**Task description**. Begin at the top of the records below and print each line exactly until the line containing "Уличная спортивная сумка" has been printed; any pictures are to be left out.

Stored data:

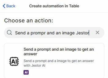 This page covers only the Send a Prompt and an Image to Get an Answer (Jestor AI) action. For instructions on how to access automations and create a new automation, see the Automations page.
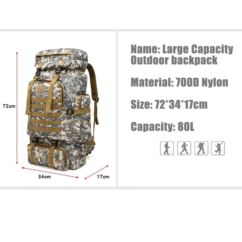 Уличная спортивная сумка для альпинизма 80 л, водонепроницаемый Камуфляжный Тактический Рюкзак Molle, военный армейский рюкзак для походов и кемпинга, дорожный рюкзак
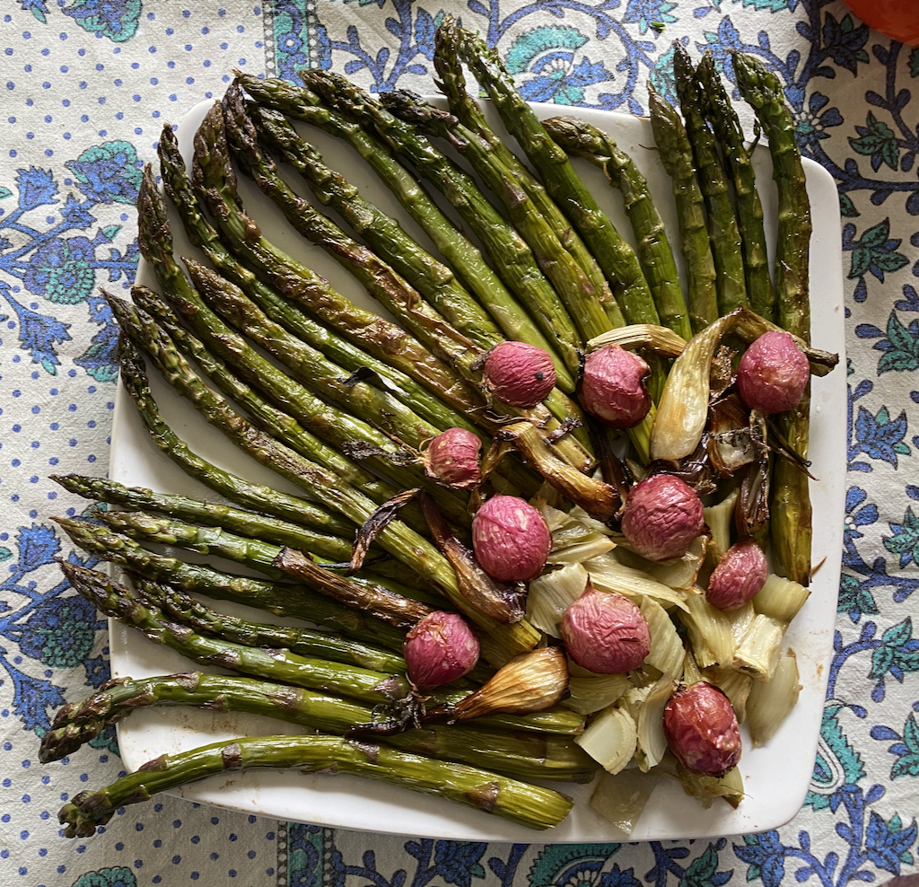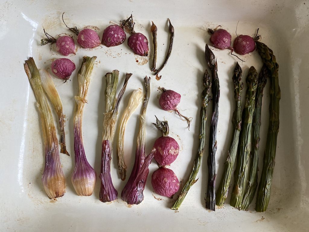 Cut the spring onions and radish in half lengthways. Arrange on a roasting tin with the asparagus, season with salt and pepper and drizzle with olive oil. Roast for 15-20 minutes until cooked.
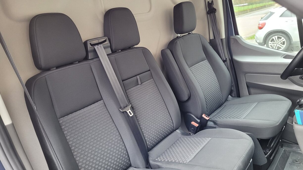 Fueren deet sech d’E-Transit nawell zimmlech gutt. Anescht wéi verschidde Konkurrenz-Produiten, gëtt bei der Transit déi hënnescht Achs ugedriwwen. Den Héichspannungssystem ass vir ënnert dem Capot, iwwerdeems d’Batterien tëscht den zwou Achsen ënnerbruecht sinn. Dat suergt fir eng homogen Gewiichtsverdeelung, wat sech och op d’Fuerverhale positiv auswierkt.
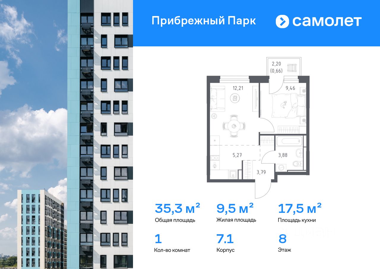 Предлагается 1-комнатная квартира комфорт-класса 35,27 кв.м в корпусе 7.1 на 8 этаже, в ЖК "Прибрежный Парк"
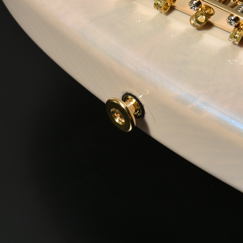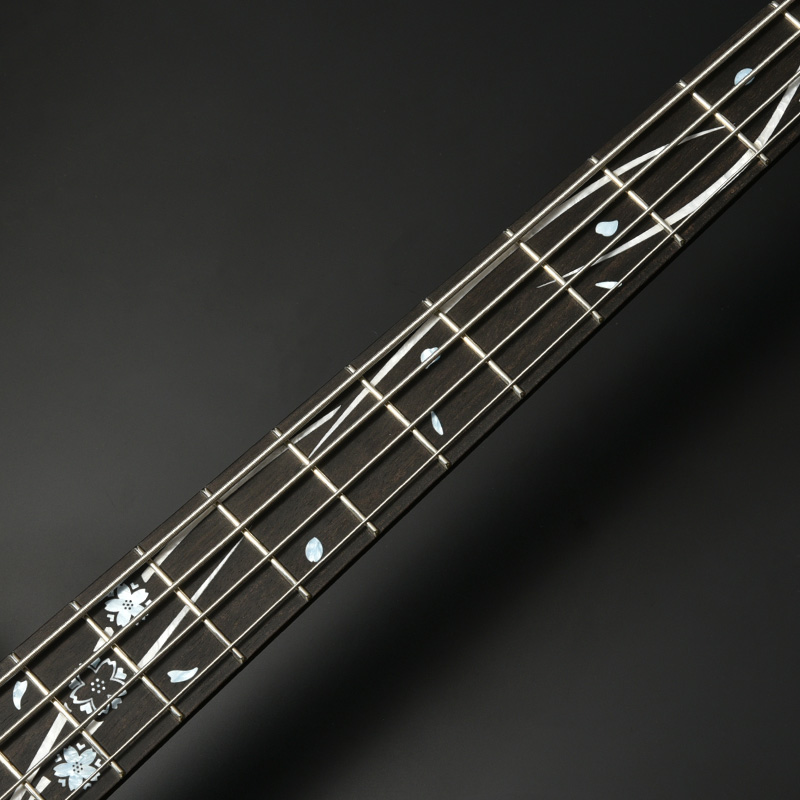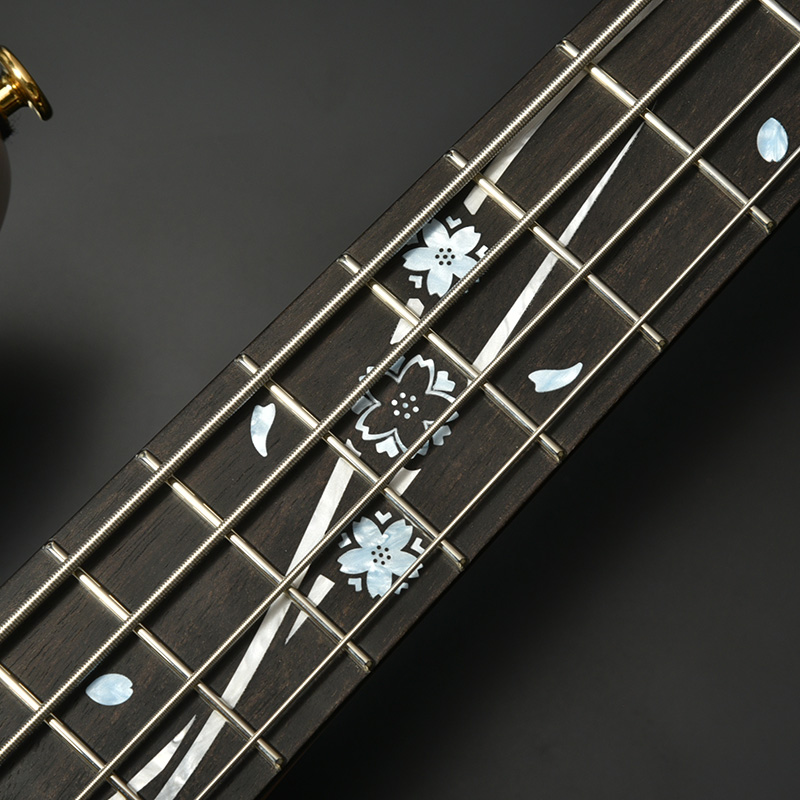 指板には川に流れゆく桜をイメージした「ツリー・オブ・ライフ」インレイを施しております。見た目にも美しい本仕様はプレイヤーの手元を華やかに彩ります。
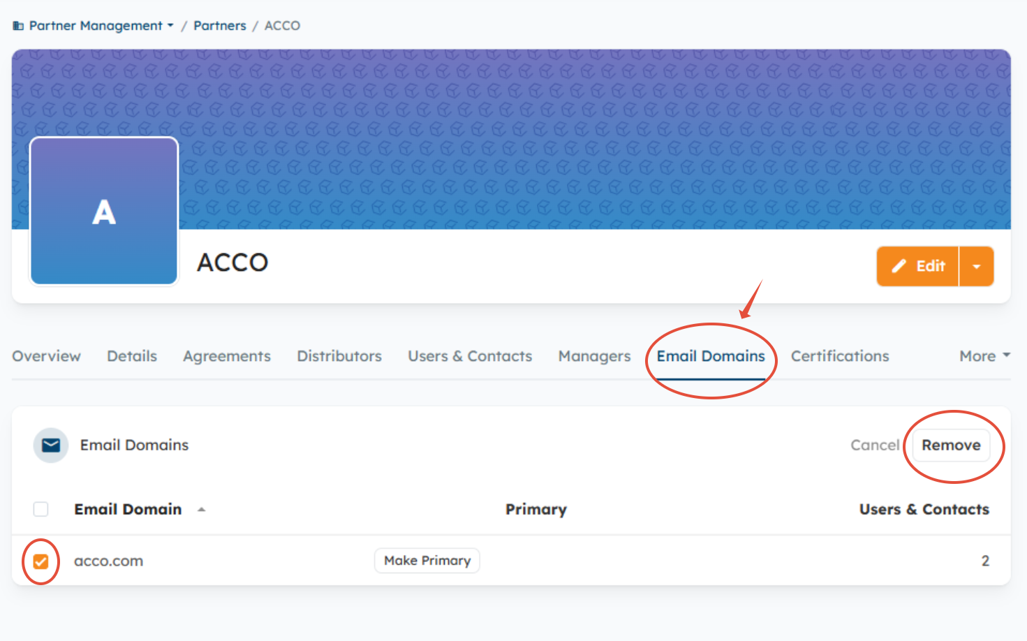 To remove an email domain from an Organization, go to the Organization record in Channeltivity (Admin > Organizations) and click the "Email Domains" tab to view all of the domains associated with the Organization. You'll then select the checkbox next to the email domain that you want to remove and click the Remove button.

**Output below**.
 This page covers only the Send a Prompt and an Image to Get an Answer (Jestor AI) action. For instructions on how to access automations and create a new automation, see the Automations page.
 Уличная спортивная сумка для альпинизма 80 л, водонепроницаемый Камуфляжный Тактический Рюкзак Molle, военный армейский рюкзак для походов и кемпинга, дорожный рюкзак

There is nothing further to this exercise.